I've been trying to make sense of all the different flavors of miniDSP models that can be used in a home theater. I've read the reviews on and off this site, but guess what? I feel more helpless and useless than before.

I started a different on-site thread to cover the differences between both of the new miniDSP models (HD vs DL); but now I'm wondering: "What about the older models?" For a simple system of 5 speakers and a sub, which miniDSP is "best?" The favorite and successful 2x4? A 10x10? One of the newer nanoAVR's? A model I didn't mention?

I know I'm hedging on an exact question, but I'm not sure I even know what to ask. It seems the break-through feature on the newer nanoAVR models is HDMI related, so they're inserted in the digital signal path. The older models are positioned in the analog path between a preamp/processor and power amp, correct?
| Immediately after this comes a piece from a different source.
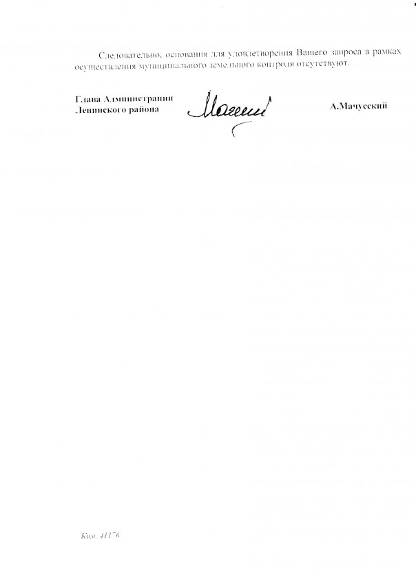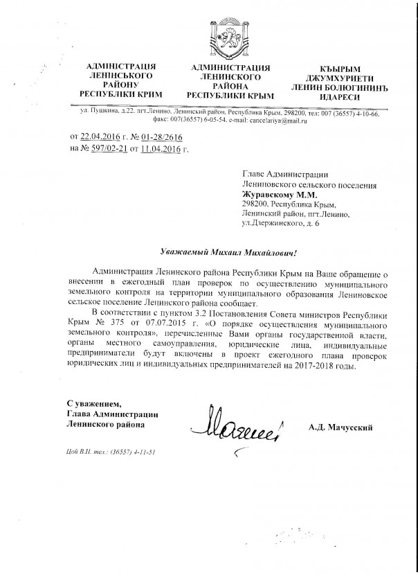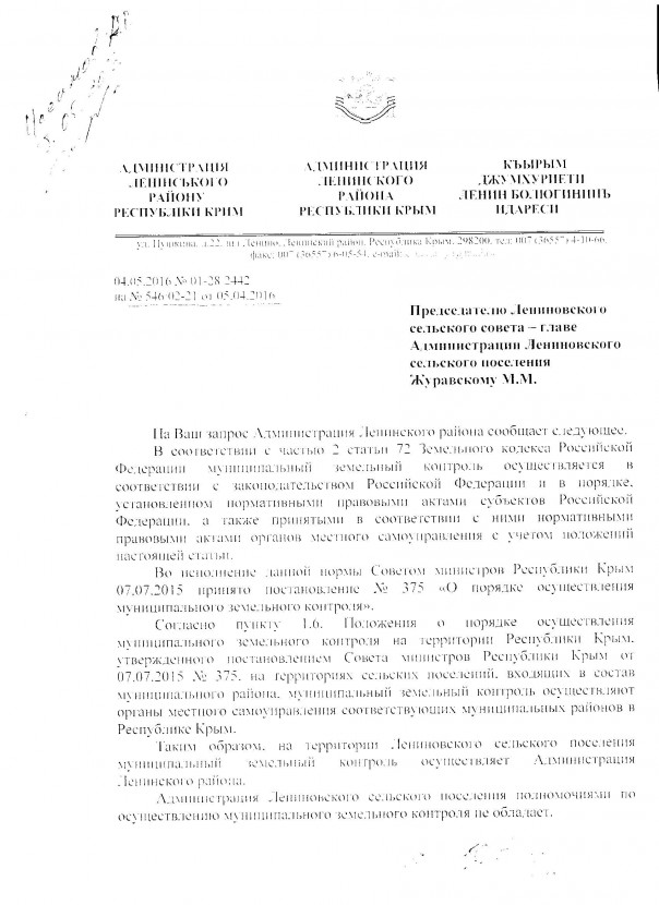 По данному поводу председатель Лениновского сельского совета Михаил Журавский обращался в прокуратуру и неоднократно направлял запросы главе Ленинской районной администрации о включении в план проведения муниципального земельного контроля деятельности субъектов предпринимательской деятельности, однако по состоянию на данный момент мер реагирования предпринято не было.

So ignoring any Dirac Live versions, what are the pros/cons of the older and newer models mentioned above in the context of a simple HT with five speakers and a sub? Does anyone care to comment on switching from a traditional miniDSP model to one of the newer HT versions? Does room measurement/correction get simpler? Do you think the end result would be better? Why or why not?


----------



## HifiZine (Feb 7, 2013)

Hi there, for EQ on a 5.1 system, and excluding Dirac Live, the options mostly (*) boil down to the 10x10 Hd (or the 8x8 kit board) or the nanoAVR HD. The 10x10 is analog in/out and goes between a pre/pro and amplification; the nanoAVR HD is HDMI in/out and goes between the source/s and an AVR or AVP. Between those two the functionality is _fairly_ similar although the nanoAVR "BM" plugin has more sophisticated/flexible bass management.

So neither is "best" - it depends on your system configuration. The nanoAVR is significantly cheaper, so personally I think that would be the one to use if you can.

(*) I say "mostly" because there are other options but they get more complicated/fiddly or get into advanced DIY. You could, for example, use three 2x4s instead of a 10x10 HD (but with no bass management and more limited levels).

Hope that helps


----------



## Lumen (May 17, 2014)

Yes, HifiZine, it does help. A lot! And thank you.


----------